The pattern I will be describing is the pattern used by most of the features in Jersey. For example, you might find yourself doing this

register(SomeFeature.class);
property(SomeFeature.SOME_PROPERTY, false);
property(SomeFeature.ANOTHER_PROPERTY, true);

Here we are registering the SomeFeature and setting configuration properties on that feature. This is the usability pattern we will follow in the example I describe in this article.

The example we will use is an API key feature that allows clients to obtain a API key to use your APIs. Do note that the implementation should probably not be used in the real world. I put more thought into creating the framework components and making them fit, than into any security good practices.

So these are the requirements we will try to meet.

• When a client tries to access an endpoint, if a API key header is not set with a valid key, the client will get sent an Unauthorized response.
• The client can obtain a key from an endpoint created by the feature.

For the first of the bullet points we will use a ContainerRequestFilter. For the second point, we will create an endpoint class just like any other resource class you create in Jersey.

Configurables

• The user should be able to configure how the key is generated.
• The user should be to configure their own data access.
• The user should be able to configure the API key endpoint URI.
• The user should be able to configure the header name the key should come in.
• The user should be able to add test data to a default (in-memory) data store.

All the code examples can be found in the GitHub project. The code discussed here will be from the jersey-extension-framework child project, and the client of the feature project can be found in the jersey-extension-client child project

The first component we will introduce is the ClientStore.

public interface ClientStore {
    void saveClient(ClientDetails clientDetails);
    ClientDetails getClientById(String clientId);
    ClientDetails getClientByApiKey(String apiKey);
}

These methods will allow the feature to lookup clients from the data store, and to save clients. There is a default implementation (DefaulClientStore) provided that will just save to a ConcurrentHashMap. The user of the feature can use this default just to test, but will want to provide their own implementation that will actual store the data to a persistent store.
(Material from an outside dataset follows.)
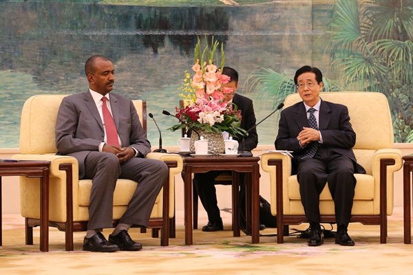 中共中央书记处书记、中央纪委副书记赵洪祝26日在北京会见了政府投资部长穆达萨尔率领的苏丹全国大会党高级干部研修班一行。(中央纪委监察部网站 祖晓冬 摄)
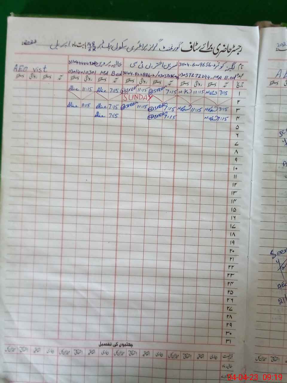 | Name: Al**** Pa**** Designation: (School Headmaster's/Headmistress's) PST Phone/Cell Number: 03**** |

The ClientDetails is a simple domain model that has three properties.

public class ClientDetails {
    private String clientId;
    private String clientPassHash;
    private String apiKey;
    // getters and setters
}

The next component is the ApiKeyFilter, which is a ContainerRequestFilter. This will filter out the requests to check for API keys

final class ApiKeyFilter implements ContainerRequestFilter {
    
    private final String authEndpoint;
    private final String apiKeyHeader;
    
    @Inject
    private ClientStore clientStore;
    
    public ApiKeyFilter(String authEndpoint, String apiKeyHeader) {
        this.authEndpoint = authEndpoint;
        this.apiKeyHeader = apiKeyHeader;
    }

    @Override
    public void filter(ContainerRequestContext requestContext) throws IOException {
        String requestUri = requestContext.getUriInfo().getRequestUri().toString();
        if (requestUri.endsWith(authEndpoint)) {
            return;
        }
        
        String keyValue = requestContext.getHeaderString(apiKeyHeader);
        if (keyValue == null) {
            throw new WebApplicationException(Response.Status.UNAUTHORIZED);
        }
        
        ClientDetails client = clientStore.getClientByApiKey(keyValue);
        if (client == null) {
            throw new WebApplicationException(Response.Status.UNAUTHORIZED);
        }
    }
}

As stated earlier, the API key endpoint is configurable, and so it the API key header. So we provide those in a dependencies through the constructor. In th filter method we check three things

1. If the request is to the API key endpoint, we let it through.
2. If the API key is missing, the client will get an Unauthorized response.
3. If the client can’t be found through the API key, they will also get an Unauthorized response.

The next component we will create the ApiKeyEndpoint. This is the endpoint requested to get a key.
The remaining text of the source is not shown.